The development team also focused on constructing Liyue's ecology, including climate, vegetation, and wildlife. As Liyue is themed around the Geo element, warm colors dominate the scenery. Players enter Liyue from Mondstadt through a stone gate designed based on karst arches based on those in southwest China, resembling a thin strip of sky in the early stages, later completing the final design by referencing ancient Chinese plank roads. After passing through, they arrive at the alluvial river of Bishui Plain, known as "Dihua Marsh", modeled after the landscape of Guilin and Yangshuo, characterized by continuous stone peaks, dense water networks, and floating vibrant flowers. The iconic building, Wangshu Inn, is inspired by the Lingnan Diaojiaolou architecture, with its temperament resembling the inn in the movie Dragon Inn. The scene in Dihua Marsh reproduces the characteristics of Guilin's multiple waters and continuous mountains, depicting the details to reflect the life of the people of Liyue. The northern "Qingce Village" showcases a tranquil village with numerous terraces and is inspired by the Longji Mountain and Rice Terraces.

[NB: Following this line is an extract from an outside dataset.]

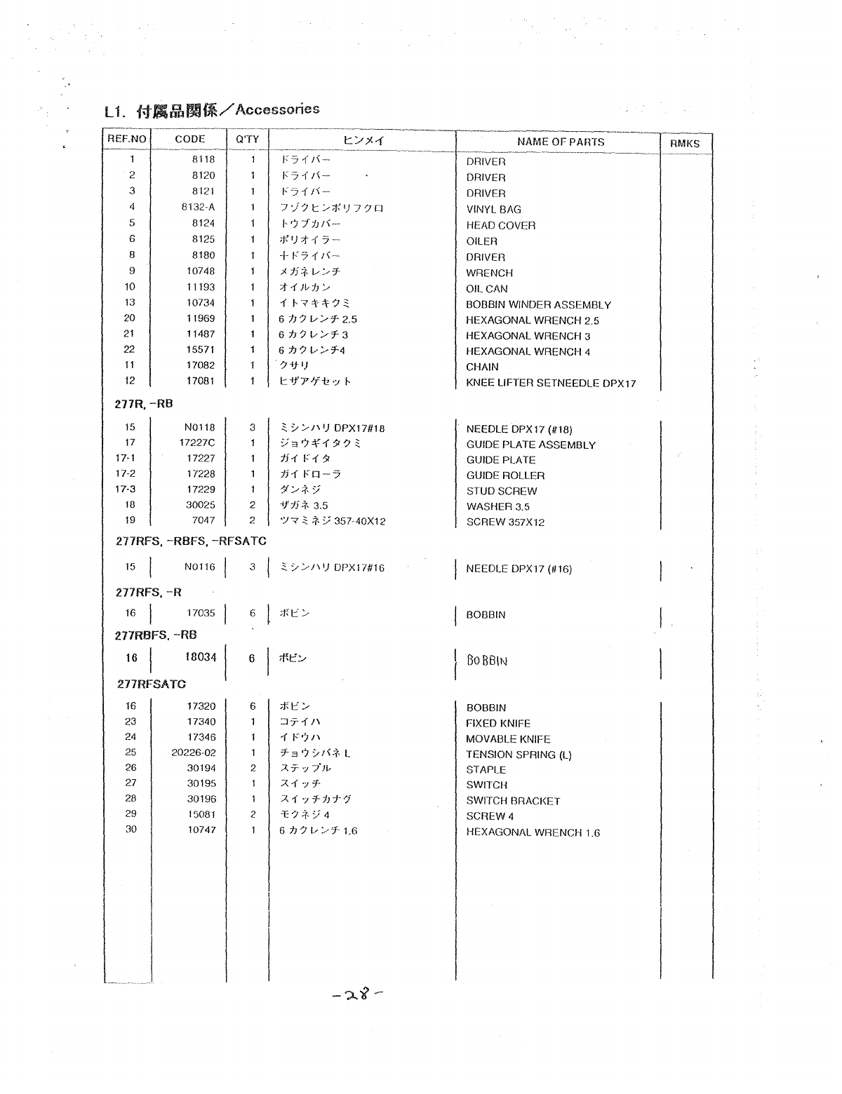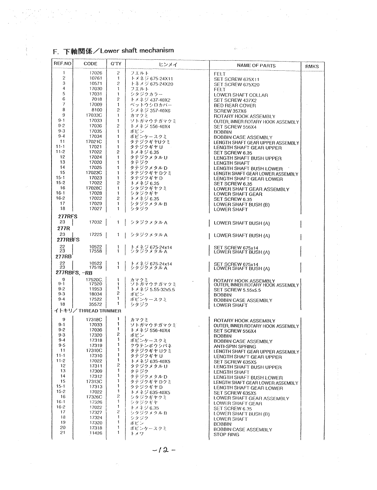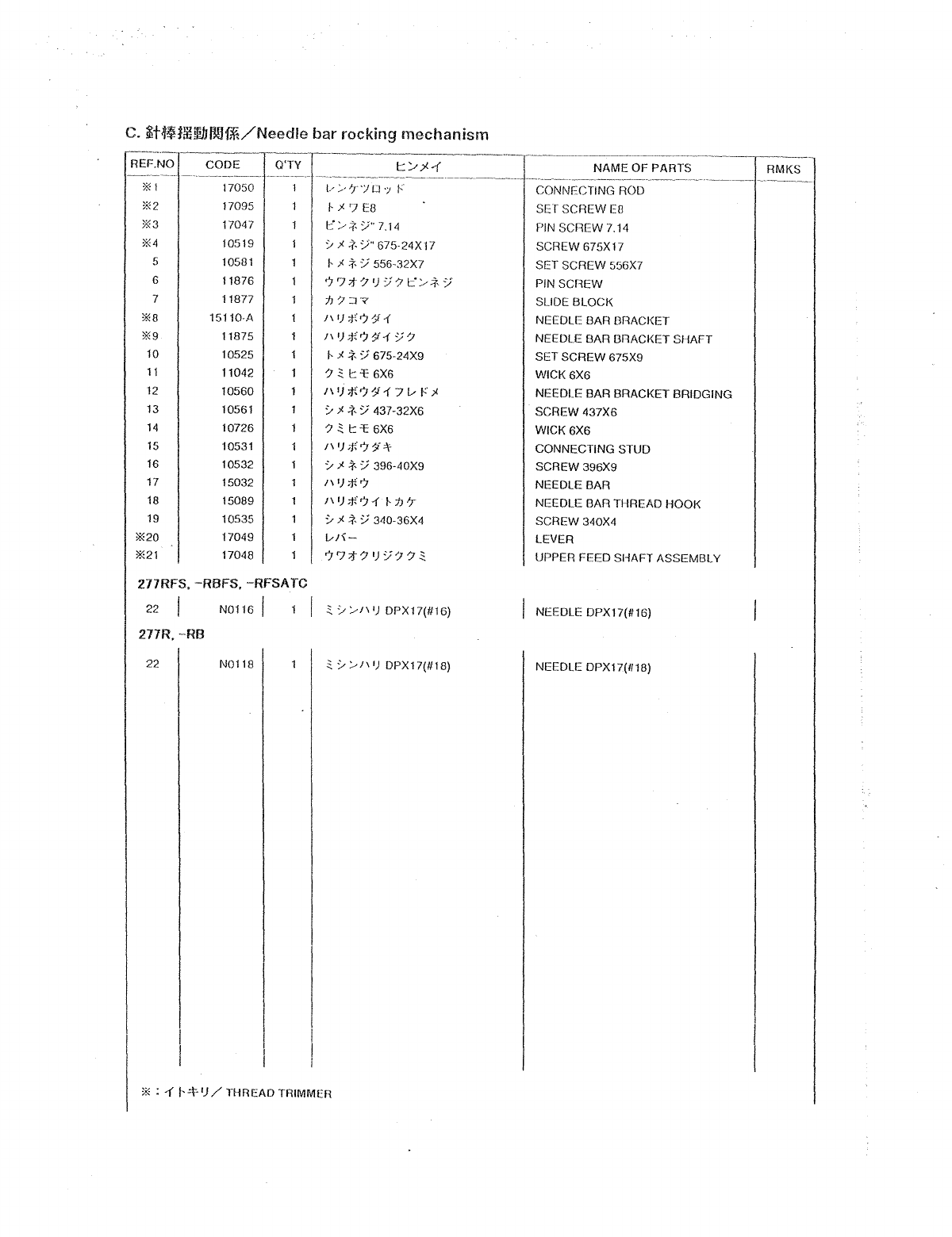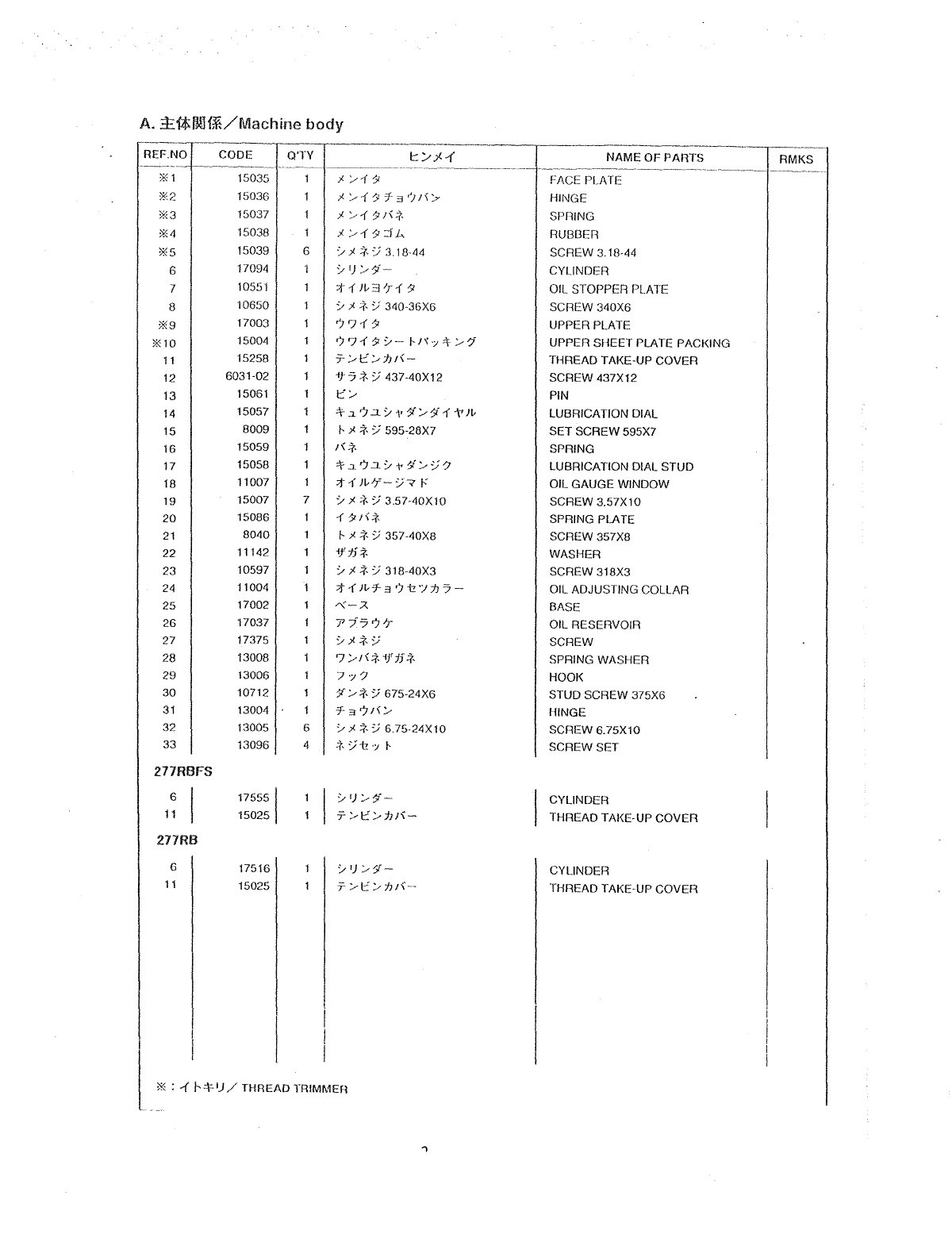 User Manual: ACE&EASTMAN Consew 277R Parts Book

The tributaries of Bishui River wind down from Dihua Marsh, eventually merging into "Luhua Pool", inspired by the iconic calc-sinter terraces of Huanglong Nature Reserve in Sichuan. The Huanglong Scenic Area is the only well-preserved plateau wetland in mainland China, and the production team believed that Huanglong possessed a sense of "dreaminess" and "mystery" beyond reality. Therefore, they chose Huanglong as a reference for Liyue's "ecosystem". The prototype of Liyue's Luhua Pool is located in Huanglong's Five-Color Pond. The water in Luhua Pool uses a different material from other water surfaces in the game, giving it attractive colors under various lighting conditions. Additionally, setting high points around Luhua Pool is aimed at allowing players to "more easily experience its perfect side."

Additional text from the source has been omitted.